Update on intravesical agents for non-muscle-invasive bladder cancer.
Review
Overview
abstract
Major controversies still exist with regard to the indication, type and regimen of intravesical therapy for non-muscle-invasive bladder cancer. Other areas of controversy are the criteria for response/failure of treatment and for decisions regarding secondary intravesical therapy versus radical cystectomy. In this article, we analyze the different intravesical therapeutic strategies and compare their safety and efficacy. Well-designed clinical trials have found that the addition of bacillus Calmette-Guerin (BCG) to transurethral resection (TUR) decreases the risk for both disease recurrence and progression. These encouraging results are sustained even in patients with recurrent or aggressive disease, including patients whose prior intravesical chemotherapy has failed. Most investigators believe that the efficacy of BCG therapy can be maximized with maintenance therapy. Mitomycin C (MMC), the most commonly used intravesical chemotherapy to date, decreases the risk of disease recurrence but not disease progression when used after TUR compared with TUR alone. The oncologic efficacy of intravesical MMC can be optimized by increasing its concentration in addition to alkalinizing and reducing urine production.
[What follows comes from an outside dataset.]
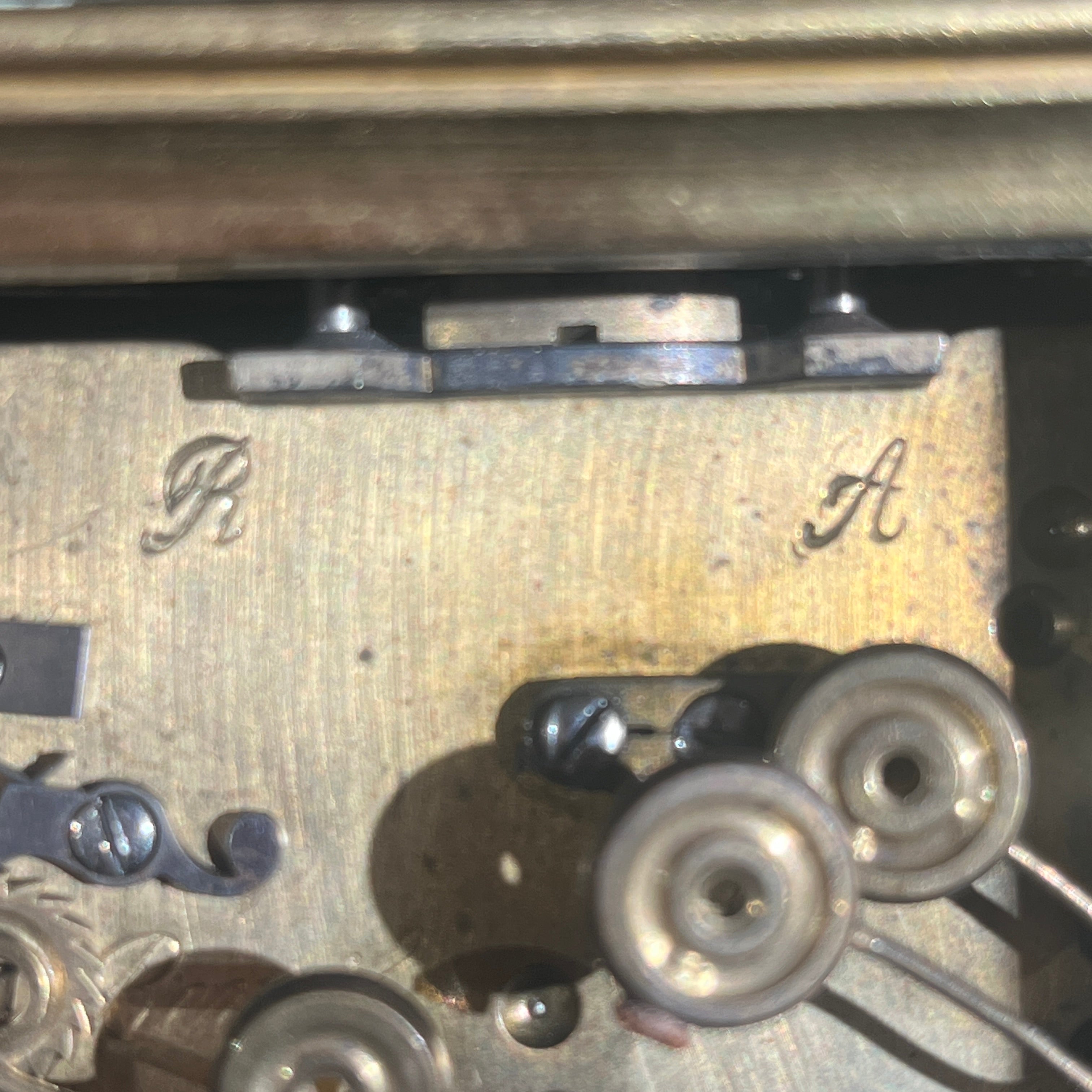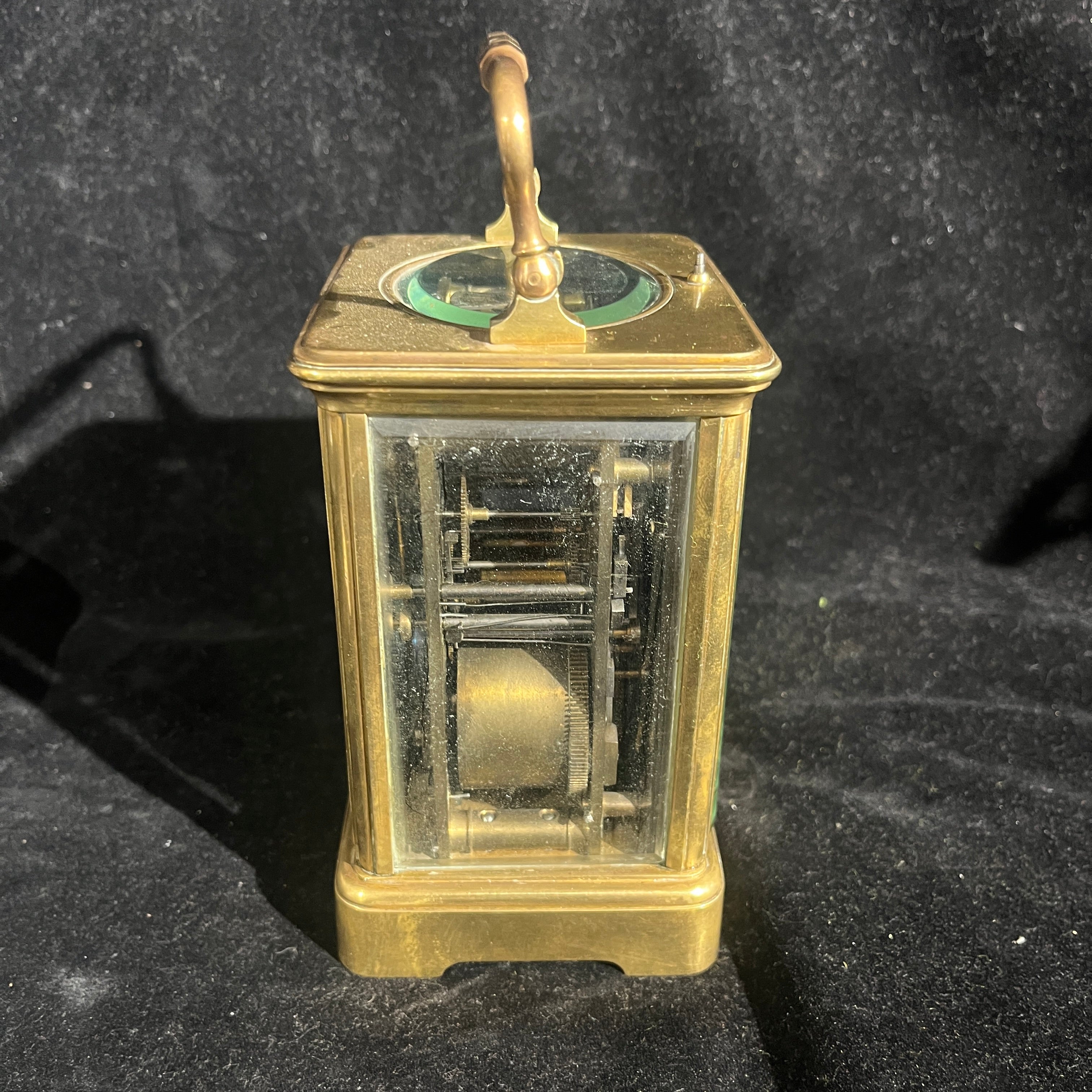 Precioso reloj carruaje francés siglo XIX con estructura de bronce dorado y finos vidrios biselados, que dejan ver su mecanismo interior. La pieza tiene un asa, remarcando su función original para ser llevado en los carruajes.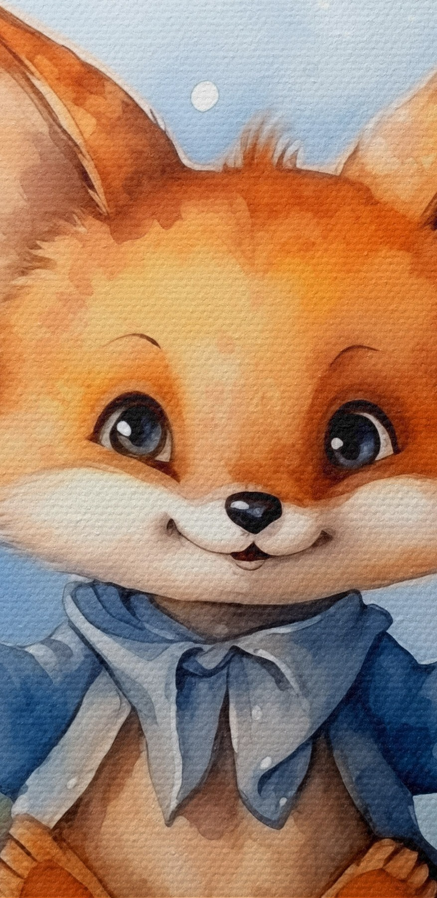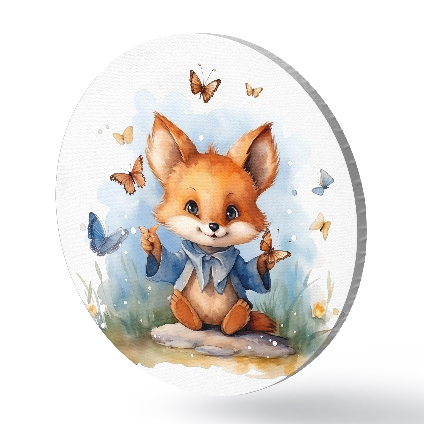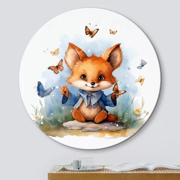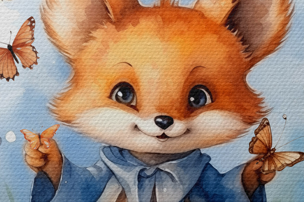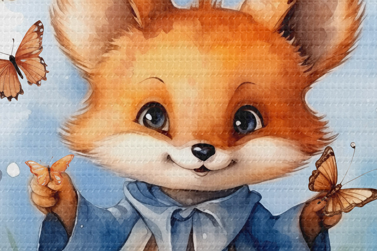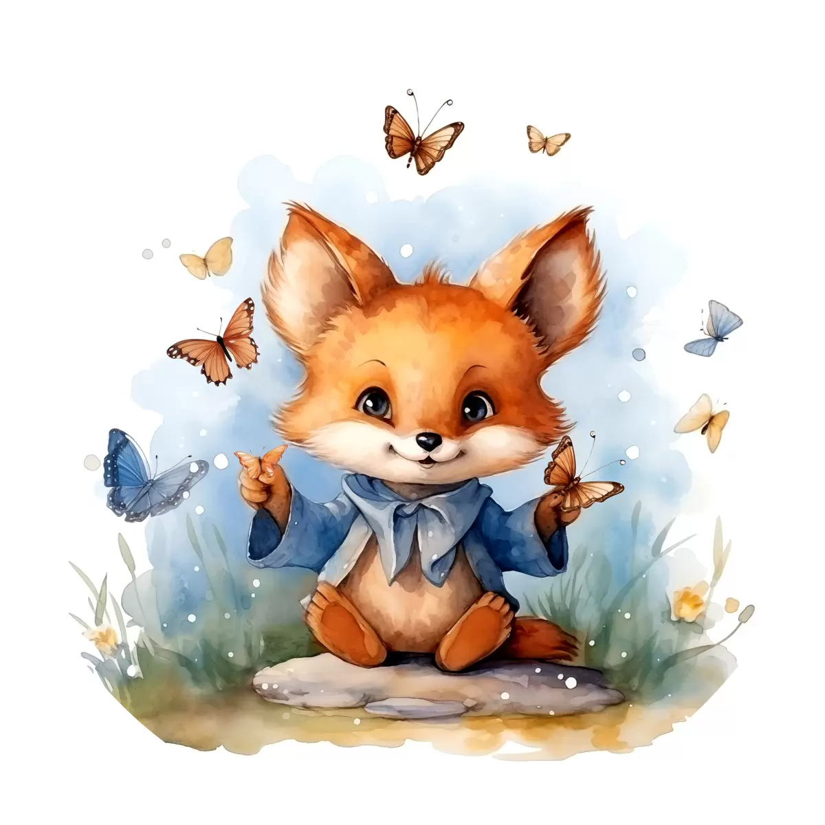 Nuotrauka Lapė mėlynu kostiumu sėdi ant pievelės tarp skraidančių drugelių, vaikiška akvarelės iliustracija Nr r39119

For patients at high risk of disease progression, BCG with maintenance therapy should be the preferred primary intravesical therapeutic strategy. However, MMC can be considered as a viable alternative for patients with papillary tumors (no carcinoma in situ) that are at low or intermediate risk of disease progression. Combination intravesical therapy may be more successful than single-agent strategies. Intravesical therapy failures indicate the need to include radical cystectomy as an option in the management decision.